Another remarkable result found is that EchoCoTr achieves satisfactory LVEF estimations when trained on only two frames (ES and ED). Due to its design, it ignores the local redundant features but learns the long-range dependencies. This follows the same methodology that clinicians do when calculating the EDV and ESV values to estimate LVEF.
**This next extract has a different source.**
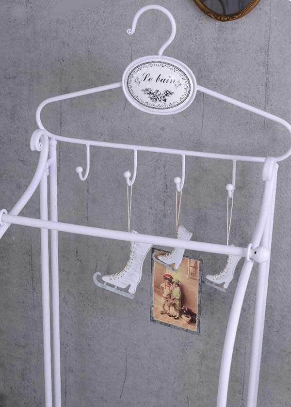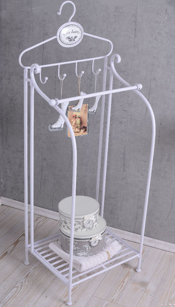 Stojąca suszarka łazienkowa w stylu prowansalskim. Zwieńczenie w kształcie wieszaka ubraniowego z medalionem, na którym widnieje napis „Le bain” (fr. „kąpiel”). Obecność czterech wieszaków i dodatkowego drążka sprawia, że suszarka jest wyjątkowo praktyczna. Podstawa wyposażona w półkę. Suszarka pokryta farbą w odcieniu bieli. Powierzchnia przecierana i patynowana, co stwarza pozory wiekowości.
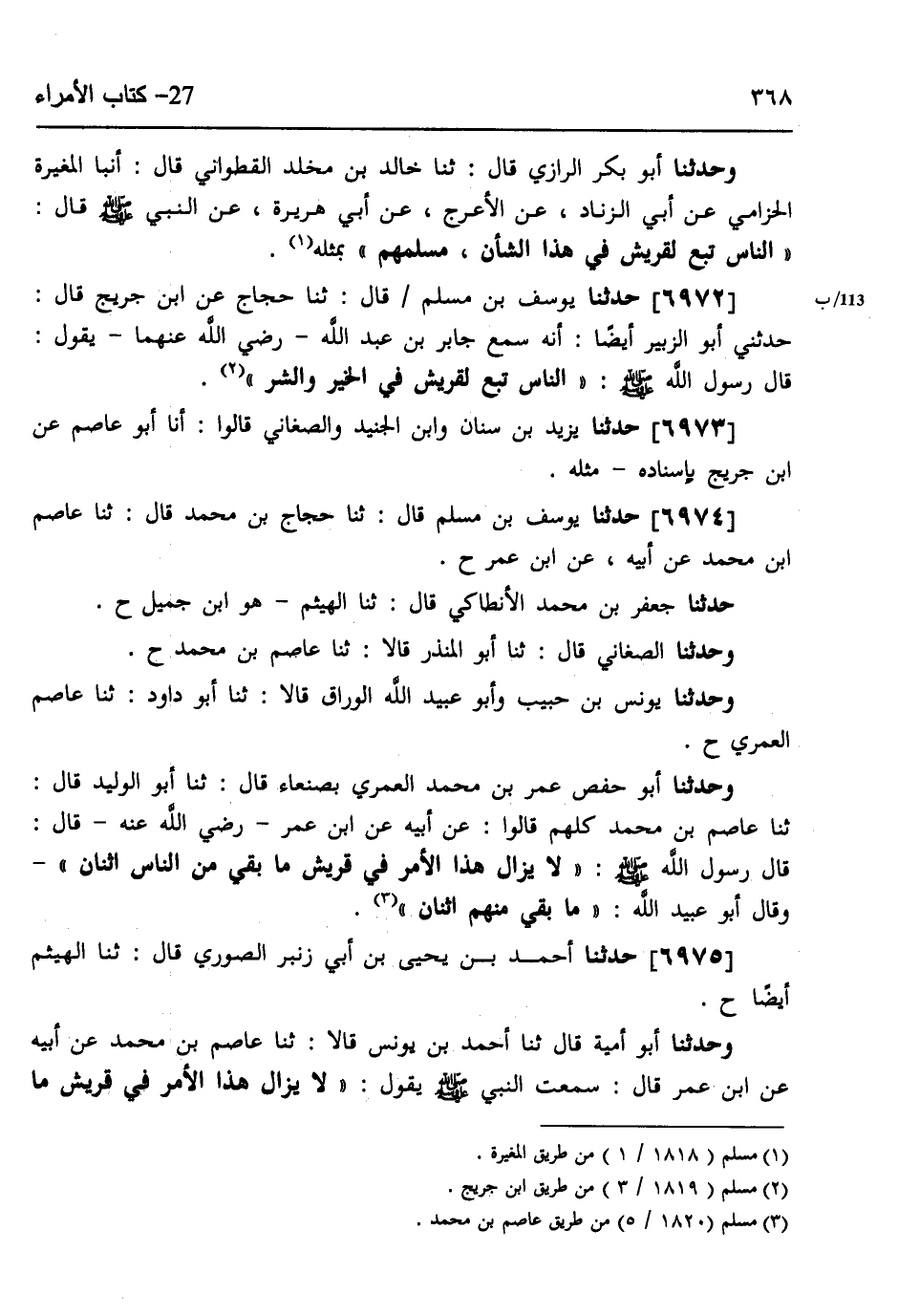 6974 - حَدَّثَنَا يُوسُفُ بْنُ مُسْلِمٍ، قَالَ: ثنا حَجَّاجُ بْنُ مُحَمَّدٍ، قَالَ: ثنا عَاصِمُ بْنُ مُحَمَّدٍ، عَنْ أَبِيهِ، عَنِ ابْنِ عُمَرَ، ح حَدَّثَنَا جَعْفَرُ بْنُ مُحَمَّدٍ الْأَنْطَاكِيُّ، قَالَ: ثنا الْهَيْثَمُ هُوَ ابْنُ جَمِيلٍ ح، وَحَدَّثَنَا الصَّغَانِيُّ، قَالَ: ثنا أَبُو الْمُنْذِرِ، قَالَا: ثنا عَاصِمُ بْنُ مُحَمَّدٍ، ح وَحَدَّثَنَا يُونُسُ بْنُ حَبِيبٍ، وَأَبُو عُبَيْدِ اللَّهِ الْوَرَّاقُ، قَالَا: ثنا أَبُو دَاوُدَ، ثنا عَاصِمٌ الْعُمَرِيُّ، ح وَحَدَّثَنَا أَبُو حَفْصٍ عُمَرُ بْنُ مُحَمَّدٍ الْعُمَرِيُّ بِصَنْعَاءَ، قَالَ: ثنا أَبُو الْوَلِيدِ، قَالَ: ثنا عَاصِمُ بْنُ مُحَمَّدٍ، كُلُّهُمْ، قَالُوا: عَنْ أَبِيهِ، عَنِ ابْنِ عُمَرَ رَضِيَ اللَّهُ عَنْهُ، قَالَ: قَالَ رَسُولُ اللَّهِ صَلَّى اللهُ عَلَيْهِ وَسَلَّمَ: «§لَا يَزَالُ هَذَا الْأَمْرُ فِي قُرَيْشٍ مَا بَقِيَ مِنَ النَّاسِ اثْنَانِ» وَقَالَ أَبُو عُبَيْدِ اللَّهِ: «مَا بَقِيَ مِنْهُمُ اثْنَانِ»

It is also clearly seen from Table 2 that training on 36 frames achieves comparable results to 128 frames for BERT, DistilBERT and ViT models. However, all these experiments did not perform as well as our proposed method. We hypothesize that these models could not capture the temporal information as effectively as our proposed method while learning the local features within different frames. We believe that EchoCoTr-B performed marginally less than EchoCoTr-S due to its large architectural size that might be an overkill for the LVEF estimation problem.

7 Conclusion

We propose EchoCoTr which utilizes CNNs’ discriminative spatial ability with transformers’ temporal perception to estimate LVEF from a set of sampled frames from multiple heart cycles. The method outperforms other recent work when estimating ejection fraction on the EchoNet-Dynamic dataset. The goal of this paper is not to comprehensively study the performance of different transformer models, but to compare their performances with our CNN-Transformer method on spatiotemporal image analysis. For future work, it is valuable to study the effect of self-supervision on EchoCoTr’s performance by using the unlabelled frames from each video. EchoNet-Dynamic dataset size proved to be enough to produce good results using EchoCoTr and spatiotemporal convolutional neural networks. Furthermore, it is also worth experimenting with the impact of performance on smaller datasets and datasets with abnormal motion of the heart.